### [MATERIAL SUPPLIED]
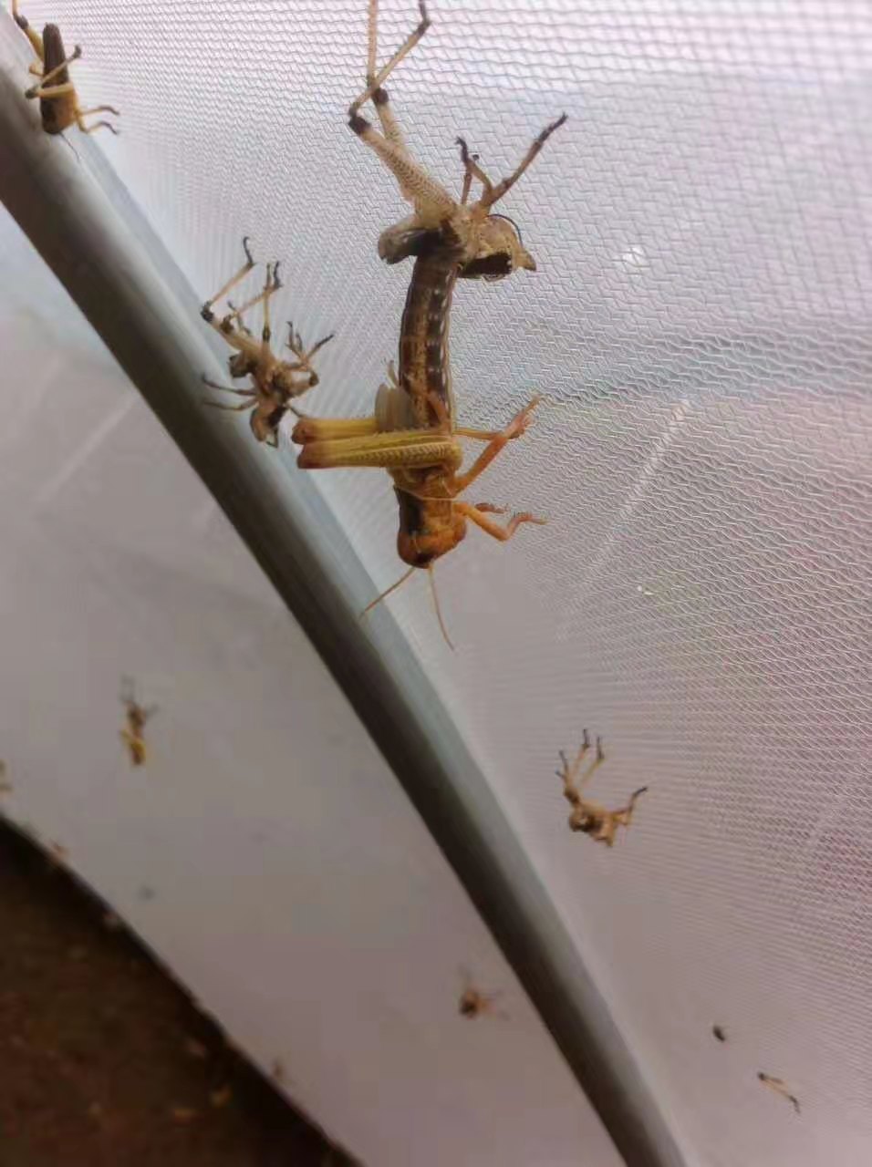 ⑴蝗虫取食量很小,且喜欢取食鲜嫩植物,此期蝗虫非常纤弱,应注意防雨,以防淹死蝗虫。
...
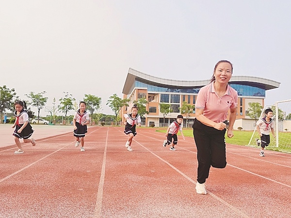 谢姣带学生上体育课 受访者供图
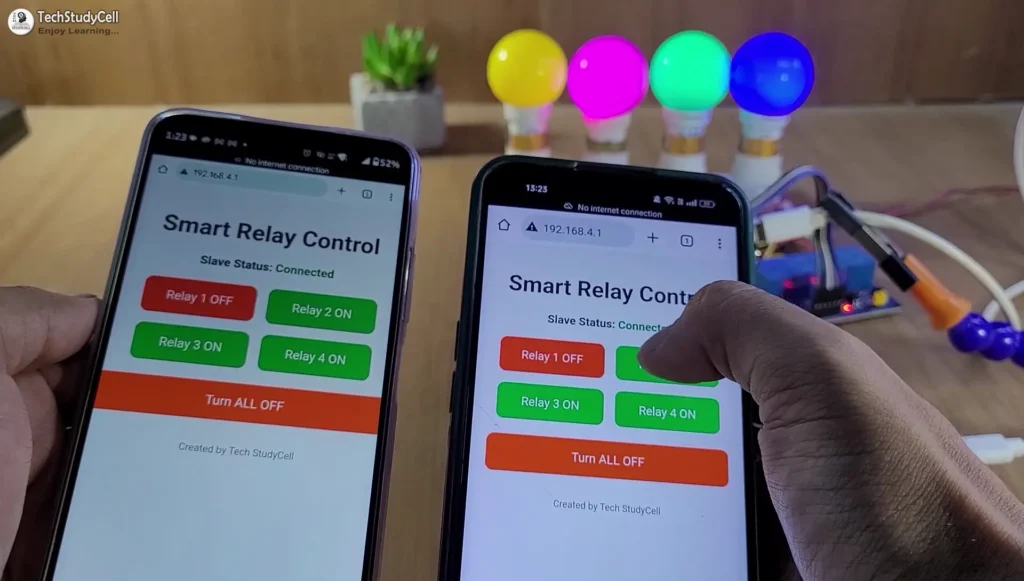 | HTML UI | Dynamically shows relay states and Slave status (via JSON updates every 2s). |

### [EXERCISE]
Pictures excluded, give again exactly and only the lines of the material above from the line with "谢姣带学生上体育课 受访者供图" through the line with "every 2s). |".

### [PROBLEM SOLUTION]
 谢姣带学生上体育课 受访者供图
 | HTML UI | Dynamically shows relay states and Slave status (via JSON updates every 2s). |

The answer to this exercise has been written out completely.